4. **Linear Neuron Model**:
   - Inputs are multiplied by their weights.
   - Weighted inputs are summed.
   - The bias is subtracted.
   - The result passes through an activation function to produce the output $a$.


![Screenshot 2023-08-22 at 20.59.49.png](<attachment:Screenshot 2023-08-22 at 20.59.49.png>)

### ELI5: Neural Networks Concepts

1. **Weights**:
   - Imagine you and your friends are trying to balance on a seesaw. Some of you are heavier than others. The weights in a neural network are like how heavy each of you is. If you change who's on the seesaw or move closer/further from the center, it tilts differently. Similarly, adjusting the weights in the network changes its behavior.

2. **Adders**:
   - Think of adders like summer vacations when you collect seashells from the beach. At the end of the day, you combine (or add up) all the seashells you and your friends found. In a neural network, an adder is a spot where all the multiplied weights (or seashells) are added together.

3. **Activation Functions**:
   - Imagine you have a toy that lights up when you put enough coins inside it. If you don't put enough, it stays off. Activation functions work in a similar way. They decide whether the neuron should "fire" (like the toy lighting up) based on the total weight (or the coins you added).

### ELI: 2nd Year Computer Student

1. **Weights**:
   - In a neural network, weights are parameters that determine the strength or importance of input features. They're adjusted during training to minimize the error between the predicted and actual output. It's like tuning the dials on a machine until it works just right.

2. **Adders**:
   - These are summation units in the neuron. After each input value is multiplied by its corresponding weight, all these products are summed together in the adder.
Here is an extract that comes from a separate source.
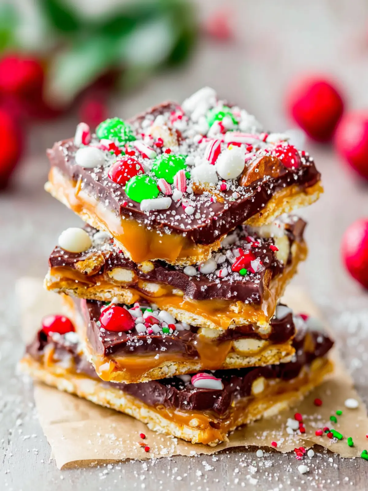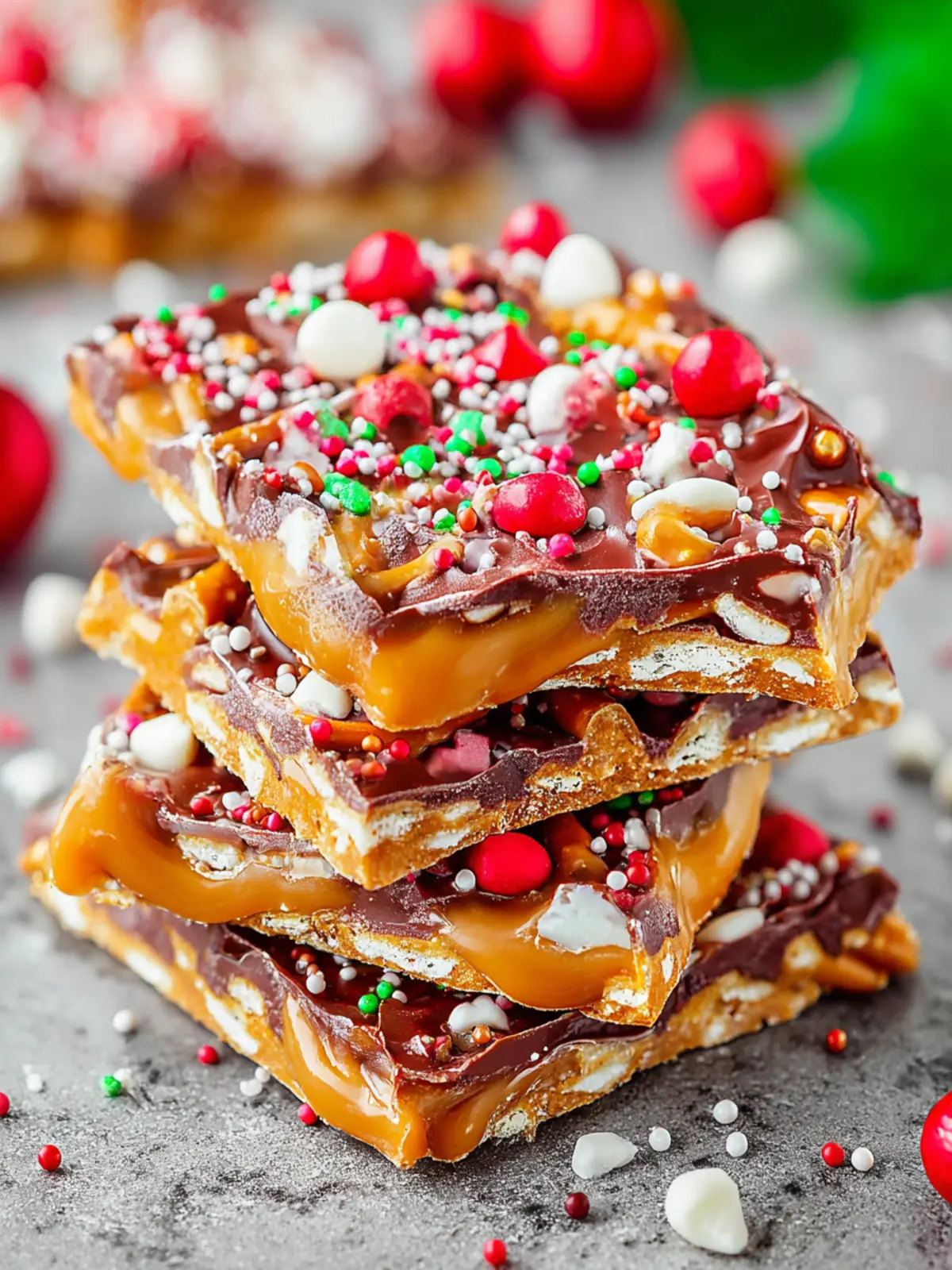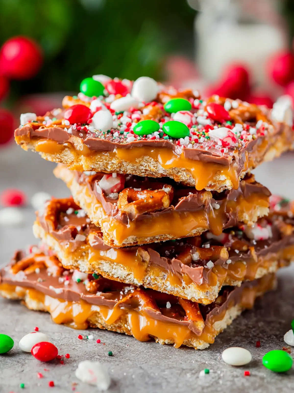 Toppings: Finish off your bark with festive sprinkles, crushed candy canes, or chopped nuts. These not only add crunch but also bring a colorful, holiday flair to your Christmas Toffee Pretzel Bark.
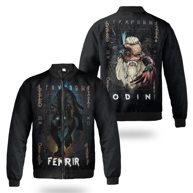 With a design inspired by Norse mythology, Fenrir And Odin Graphic Art Viking Bomber Jacket embodies Viking spirit. Own it to confidently showcase your Viking style.

This cumulative sum then gets passed on to the activation function.

3. **Activation Functions**:
   - Activation functions introduce non-linearity into the network. They determine the neuron's output based on the summed input. Common functions include the sigmoid, tanh, and ReLU. Think of it as the logic gate in a neuron, deciding how much of the signal to pass forward, if any.


![Screenshot 2023-08-22 at 21.00.50.png](<attachment:Screenshot 2023-08-22 at 21.00.50.png>)

### TOREAD: Maths to learn quickly 😰

1. **Linear Algebra**:
    - **Vectors and Matrices**: Understand basic vector and matrix operations like addition, multiplication, and inversion.
    - **Eigenvalues and Eigenvectors**: These concepts often come up in more advanced topics and optimizations.
    - **Matrix Factorizations**: LU, QR, and Singular Value Decomposition (SVD).

2. **Calculus**:
    - **Differential Calculus**: Understand derivatives and the rules for differentiation.
    - **Integral Calculus**: Basics of integration.
    - **Partial Derivatives**: Since neural networks deal with functions of many variables, understanding partial derivatives is crucial.
    - **Chain Rule**: Essential for backpropagation in neural networks.

3. **Probability and Statistics**:
    - **Probability Basics**: Understand discrete and continuous probability distributions.
    - **Bayes' Theorem**: Comes in handy when understanding probabilistic models.
    - **Expectation, Variance, and Standard Deviation**: Essential statistical measures.
    - **Common Distributions**: Normal (Gaussian), Bernoulli, and Binomial distributions.
    - **Central Limit Theorem**: Often used implicitly in deep learning theories.

4. **Optimization**:
    - **Gradient Descent**: The primary optimization technique used in training neural networks.
    - **Convex Optimization**: While not all optimization problems in neural networks are convex, understanding the basics helps.